• [SOURCE INFORMATION]:
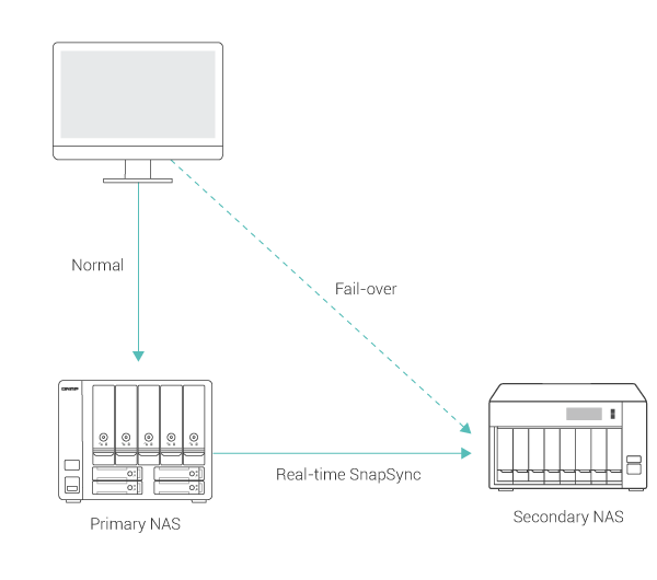 SnapSync v reálném čase zajišťuje, že primární i sekundární NAS uchovávají identická data. Když jsou data zapsána na zdrojový server, jsou okamžitě zapsána na cílový. Pokud dojde k výpadku primárního NAS, mohou pracovníci IT jednoduše upravit nastavení oprávnění sekundárního NAS a zajistit tak nepřetržitý provoz. SnapSync poskytuje nejsilnější podporu pro nepřetržitý obchodní provoz a pomáhá uživatelům snížit riziko ztráty dat.
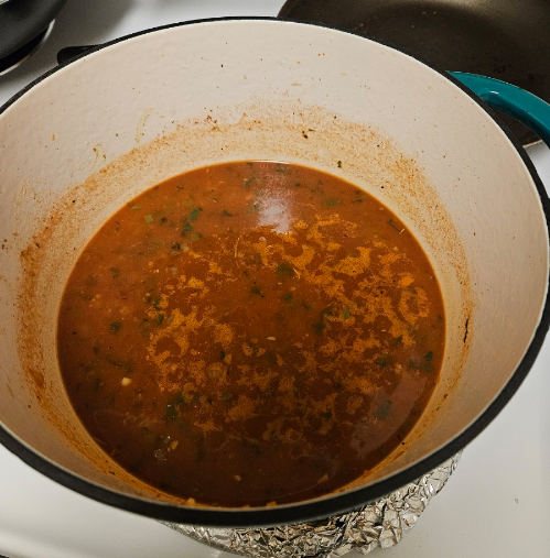 - 소프리토에 토마토 소스와 물을 넣고 잘 섞어준다.
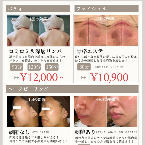 また、人気の【💆骨格エステ】では、長年の経験と知識から持続を可能とした、背中・頭の深層のコリから先にほぐす流れを取り入れたエステ。顔の筋肉が緩みやすい状態をつくり、左右差・たるみ・くすみ・むくみに効果的にアプローチ。酸素オイルで筋肉を柔らかく整えることで、引き締まったフェイスラインへ導き、さらに骨格まで整えることが可能。
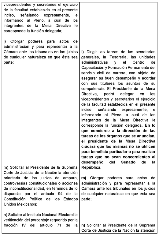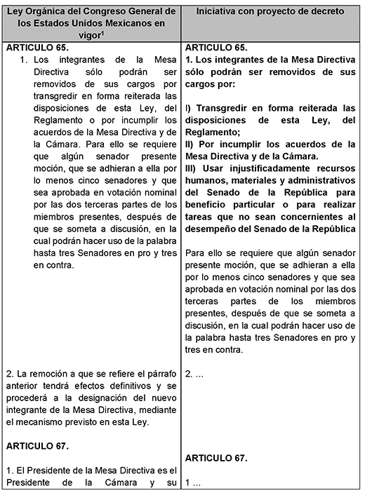 Además, se propone la remoción de cualquiera de los integrantes de la Mesa Directiva del Senado de la República si:
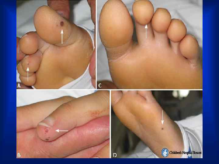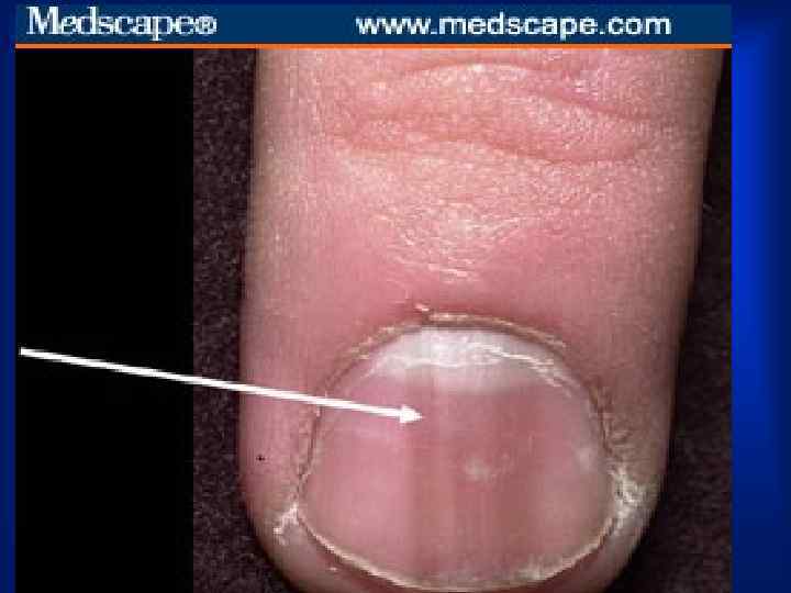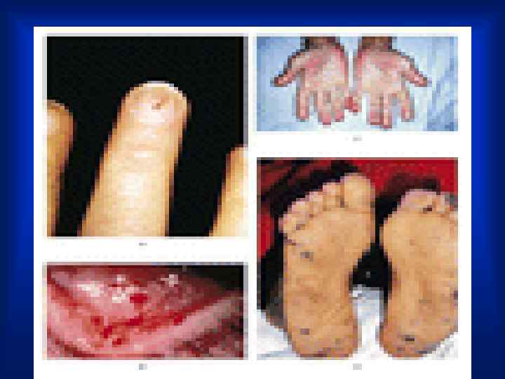 ОСМОТР • · Пятна Рота — мелкие кровоизлияния в сетчатку глаза, имеющие в центре зону побледнения, выявляются при исследовании глазного дна. • Линейные геморрагии под ногтями. • · Узелки Ослера — болезненные красноватые напряженные образования размером с горошину, в коже и подкожной клетчатке на ладонях, пальцах, подошвах, воспалительные инфильтраты, тромбоваскулит или эмболии в мелкие сосуды. .

• [WHAT TO WORK ON]: For this exercise, reproduce exactly the lines of the records above from the one with "また、人気の【💆骨格エステ】" up to and including the one with "Además, se propone", without pictures.

• [EXPECTED OUTPUT]:
 また、人気の【💆骨格エステ】では、長年の経験と知識から持続を可能とした、背中・頭の深層のコリから先にほぐす流れを取り入れたエステ。顔の筋肉が緩みやすい状態をつくり、左右差・たるみ・くすみ・むくみに効果的にアプローチ。酸素オイルで筋肉を柔らかく整えることで、引き締まったフェイスラインへ導き、さらに骨格まで整えることが可能。
 Además, se propone la remoción de cualquiera de los integrantes de la Mesa Directiva del Senado de la República si:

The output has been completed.